## [PROBLEM STATEMENT]
An exact copy is required of the lines running from the one that contains "وكذلك رصد التحقيق" to the end of the material, both ends included, with pictures omitted.

## [SOURCE DATA]

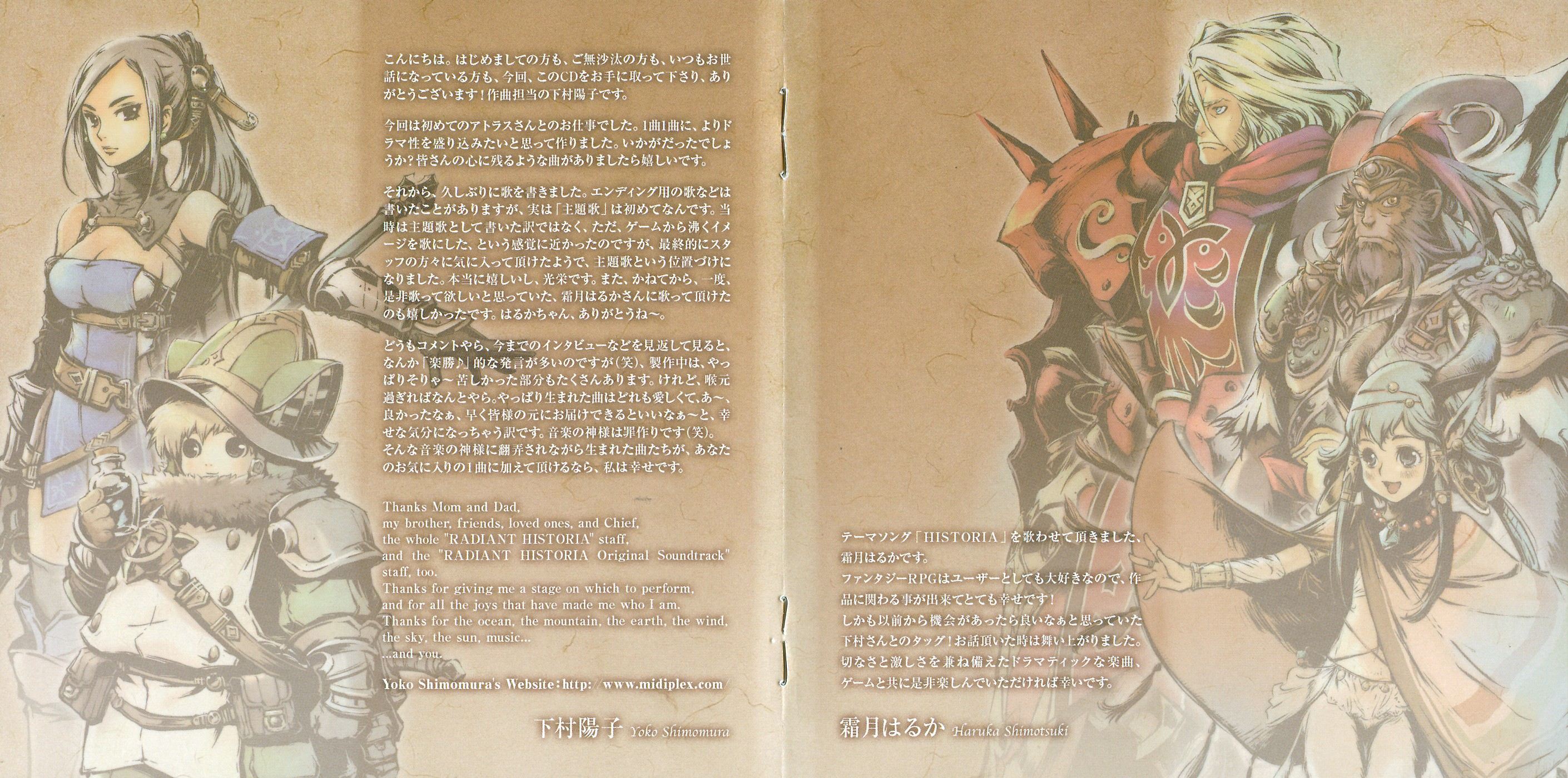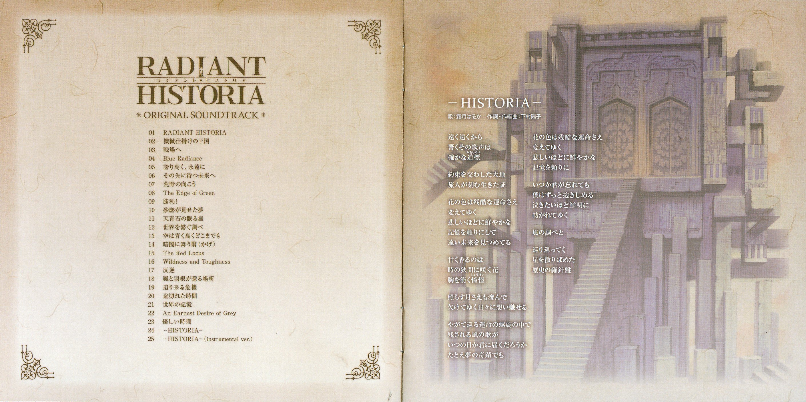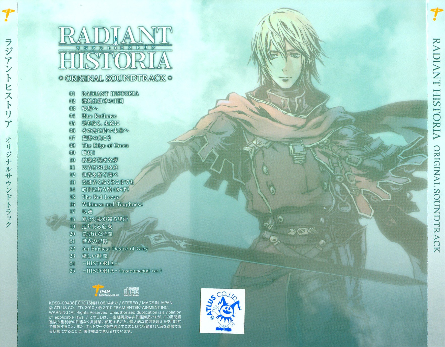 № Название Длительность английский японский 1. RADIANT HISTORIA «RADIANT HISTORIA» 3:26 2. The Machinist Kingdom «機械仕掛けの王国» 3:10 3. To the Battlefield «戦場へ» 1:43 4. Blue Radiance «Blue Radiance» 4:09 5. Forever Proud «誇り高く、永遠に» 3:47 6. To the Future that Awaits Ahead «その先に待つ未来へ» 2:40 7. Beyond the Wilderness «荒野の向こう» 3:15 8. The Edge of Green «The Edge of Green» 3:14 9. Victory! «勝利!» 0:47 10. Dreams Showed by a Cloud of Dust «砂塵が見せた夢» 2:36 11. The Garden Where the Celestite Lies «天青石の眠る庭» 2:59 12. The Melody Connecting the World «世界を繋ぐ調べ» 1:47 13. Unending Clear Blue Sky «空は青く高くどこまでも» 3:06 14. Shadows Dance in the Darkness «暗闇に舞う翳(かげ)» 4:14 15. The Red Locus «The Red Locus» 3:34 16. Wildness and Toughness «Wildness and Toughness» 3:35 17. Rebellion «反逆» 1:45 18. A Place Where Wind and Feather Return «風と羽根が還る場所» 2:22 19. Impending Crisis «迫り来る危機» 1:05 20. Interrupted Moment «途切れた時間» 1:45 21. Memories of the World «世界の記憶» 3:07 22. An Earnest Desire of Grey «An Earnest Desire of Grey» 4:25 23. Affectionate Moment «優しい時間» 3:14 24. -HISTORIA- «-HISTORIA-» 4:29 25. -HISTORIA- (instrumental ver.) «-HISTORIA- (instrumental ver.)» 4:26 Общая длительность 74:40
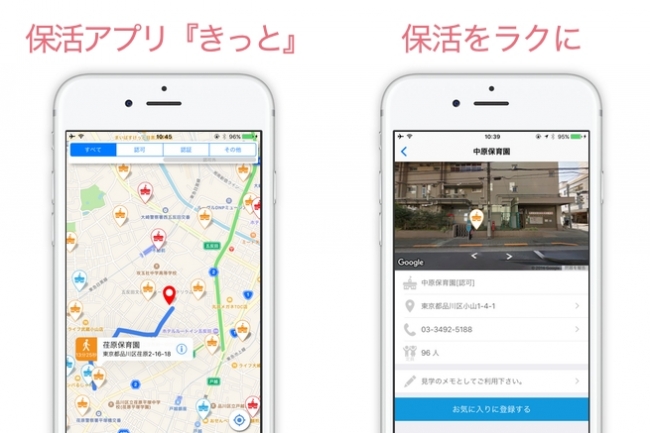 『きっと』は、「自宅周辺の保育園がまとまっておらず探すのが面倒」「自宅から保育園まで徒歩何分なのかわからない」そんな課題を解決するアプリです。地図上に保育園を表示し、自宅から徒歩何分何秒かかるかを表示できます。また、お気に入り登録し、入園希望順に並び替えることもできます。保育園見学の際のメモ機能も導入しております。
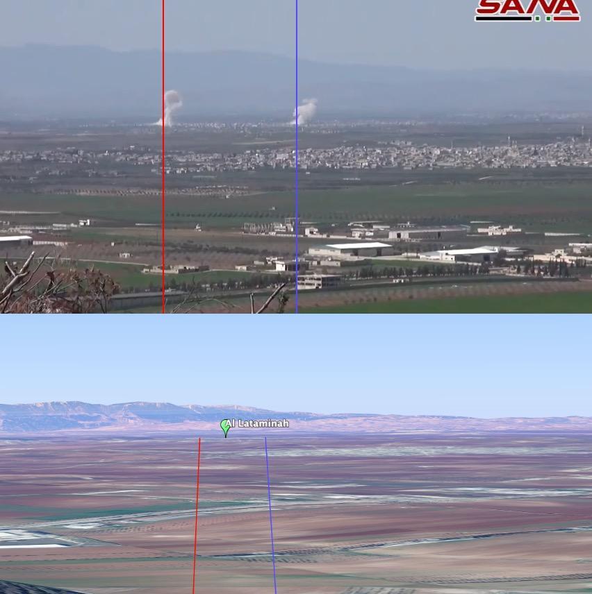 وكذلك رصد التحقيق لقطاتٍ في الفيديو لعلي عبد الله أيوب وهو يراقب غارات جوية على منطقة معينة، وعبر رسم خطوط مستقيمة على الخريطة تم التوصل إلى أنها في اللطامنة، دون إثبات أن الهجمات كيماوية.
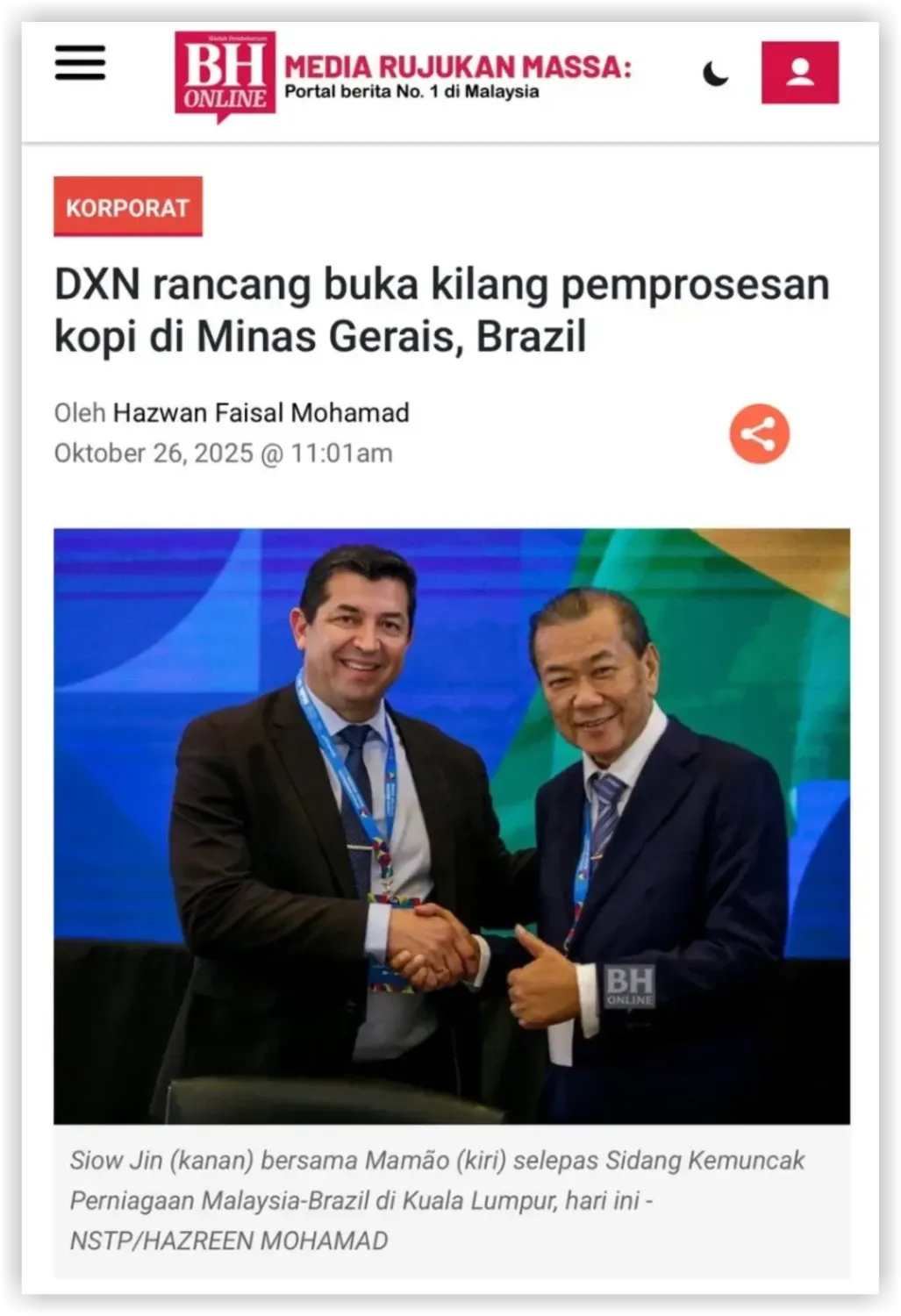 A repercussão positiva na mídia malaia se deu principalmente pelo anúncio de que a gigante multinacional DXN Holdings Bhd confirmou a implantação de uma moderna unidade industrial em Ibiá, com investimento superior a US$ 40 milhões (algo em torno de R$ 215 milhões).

## [SOLUTION TO THE EXERCISE]
 وكذلك رصد التحقيق لقطاتٍ في الفيديو لعلي عبد الله أيوب وهو يراقب غارات جوية على منطقة معينة، وعبر رسم خطوط مستقيمة على الخريطة تم التوصل إلى أنها في اللطامنة، دون إثبات أن الهجمات كيماوية.
 A repercussão positiva na mídia malaia se deu principalmente pelo anúncio de que a gigante multinacional DXN Holdings Bhd confirmou a implantação de uma moderna unidade industrial em Ibiá, com investimento superior a US$ 40 milhões (algo em torno de R$ 215 milhões).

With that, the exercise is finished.